Ιt is unconstitutional! It is outrageous that they evaluate candidates with different criteria. Selection criteria flagrantly favor primary teachers. Hence they are the rulers of primary education! (I8 New Headteacher, Female Specialty Teacher)
The working fragmentation that specialty teachers experience due to teaching in many schools affects their administrative advancement, as they are considered to be outsiders being less active members of teachers’ associations. Specialty teachers are deprived of social capital because they are underrepresented in trade union and primary education associations, some of which are still called primary teachers’ and kindergarten teachers’ associations.
In the past, we excluded specialty teachers from our assemblies. We said: You do not have to come you are a specialty. (I1 New Headteacher, Female Primary Teacher)
The selection councils and teachers’ associations mainly consist of primary teachers who, being partial, vote for primary teachers. An active Partisan Identity, in conjunction with supportive social networks, highly ensures the election and reelection of candidates. However, specialty teachers being disabled because of social and institutional parameters have experienced racist attitudes from primary teachers’ selection councils.

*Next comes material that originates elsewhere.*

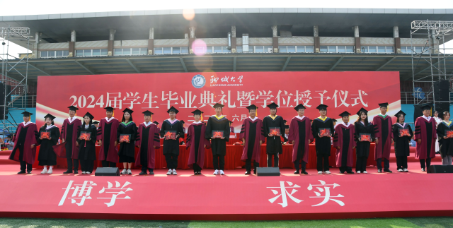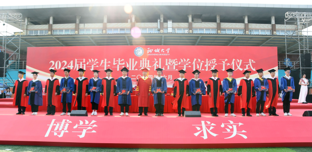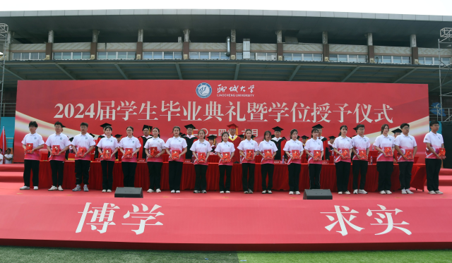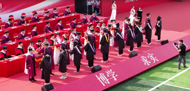 学校领导、学位委员会成员庄严地为毕业生代表颁发毕业证书和学位证书,拨正流苏,并同毕业生合影留念。党委领导班子成员为2024届优秀毕业生代表和为2024年西部计划志愿者代表颁发证书。关延平为2024年西部计划志愿服务团、研究生支教团授旗。

During my interview in 2011, I have received racism. Selection council gave me the lowest score, but due to my formal qualifications, I ranked second. I believe the basic bias was that I am a specialty. (I5 Experienced Headteacher, Female Specialty Teacher)
Parties have caused me great suffering. In the previous selection in 2011, I was degraded by the council, because I was not part of any party ... (I3 New Headteacher, Specialty Teacher)
4.1.3. Internal Obstacles
Minority specialty teachers face crucial internal obstacles because they unconsciously internalize the dictated specialty stereotypes having low self-efficacy. The following responses express the connection between Professional and Leader Identity, due to which primary teachers underestimate their administrative capabilities.

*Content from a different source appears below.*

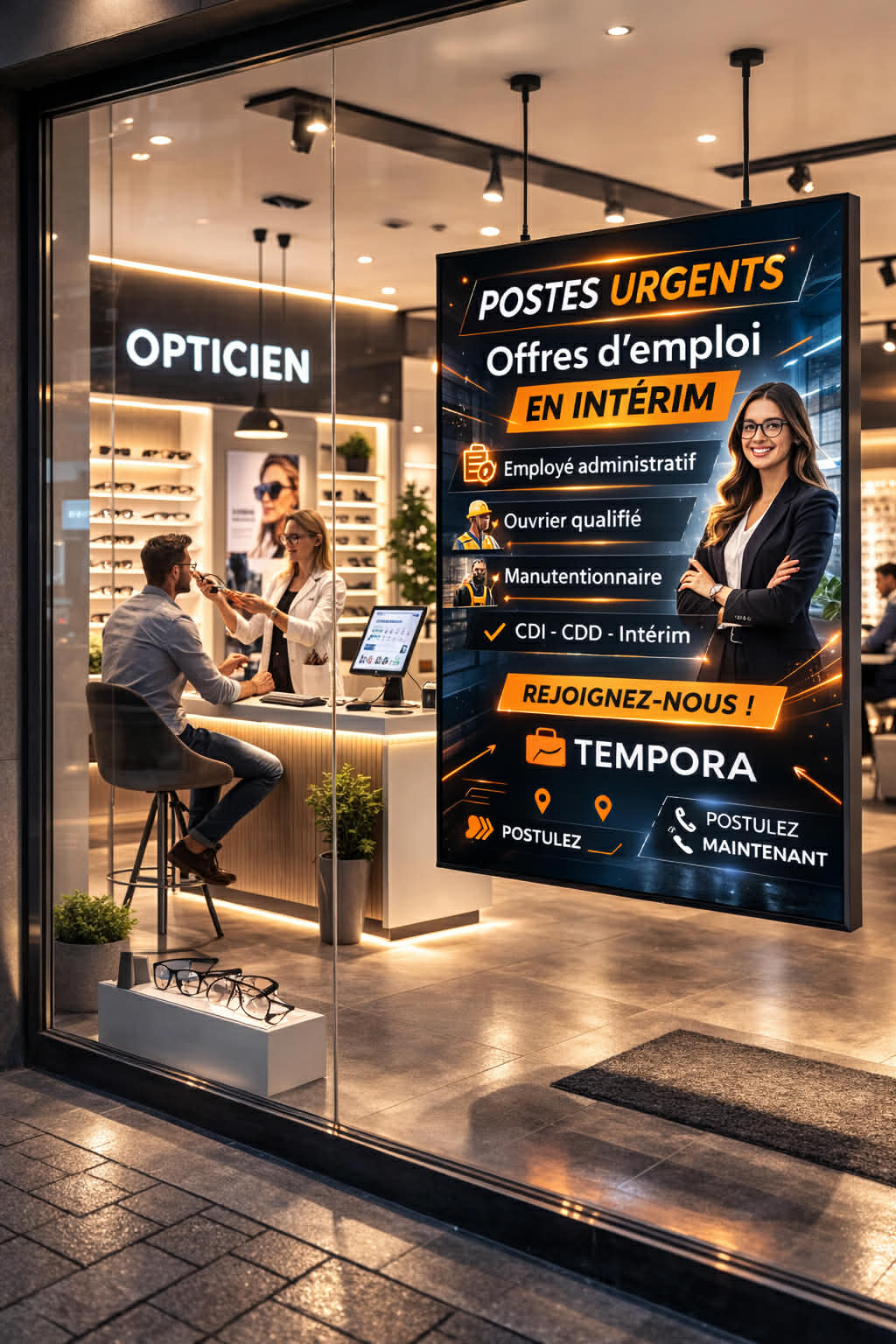 Diffusez vos offres d’emploi à Esch, Belval et Differdange grâce à nos écrans en vitrines commerciales.

Specialty teachers are considered illiterate. The physical education teacher is thought to be the class’s uneducated farmer. How can a physical education teacher ever manage to become a primary school headteacher? (I4 Candidate Headteacher, Female Specialty Teacher)

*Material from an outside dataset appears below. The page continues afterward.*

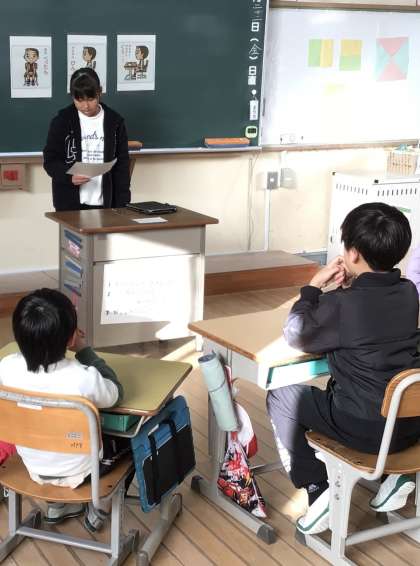 姿勢のポイントを黒板に貼り、できているかを確認しました。

Primary education is our field of specialty! Nobody can understand it the way we do! How can you be our school leader? You are merely a specialty teacher. (I6 Candidate Headteacher, Male Specialty Teacher)
Specialty teachers have difficulties in constructing and establishing a Leader Identity, as being afraid of dominant primary teachers they compulsorily incorporate the Follower Identity.
Specialty teachers are not interested in management. We don’t dare to claim a managerial position. Specialty teachers think that it will be difficult to strike a balance with primary teachers as they are the dominant majorities in all schools, and this intimidates them. (I7 New Headteacher, Male Specialty Teacher)
Figure 1 presents the multiple obstacles of specialty teachers.
4.2. Selection through Anonymous Voting
4.2.1. Voting Reinforced Specialty Stereotypes
Selection through anonymous voting reinforced specialty stereotypes, as the primary teacher leadership prototype was apparent. According to most respondents, this selection favored the dominant subgroup of primary teachers. The disadvantaged Professional and Social Identity of specialty teachers have negatively affected their selection because marginalized specialty teachers did not inspire trust in associations, mainly consisting of primary teachers. Primary teachers-voters being part of “the old network” supported primary teachers.
For some reason, we don’t see specialty teachers as equal. It is unfair, but I can explain it. When specialty teachers come for 2 and 3 hours, colleagues don’t know them and, they can hardly trust them. (I6 Experienced Headteacher, Female Primary Teacher)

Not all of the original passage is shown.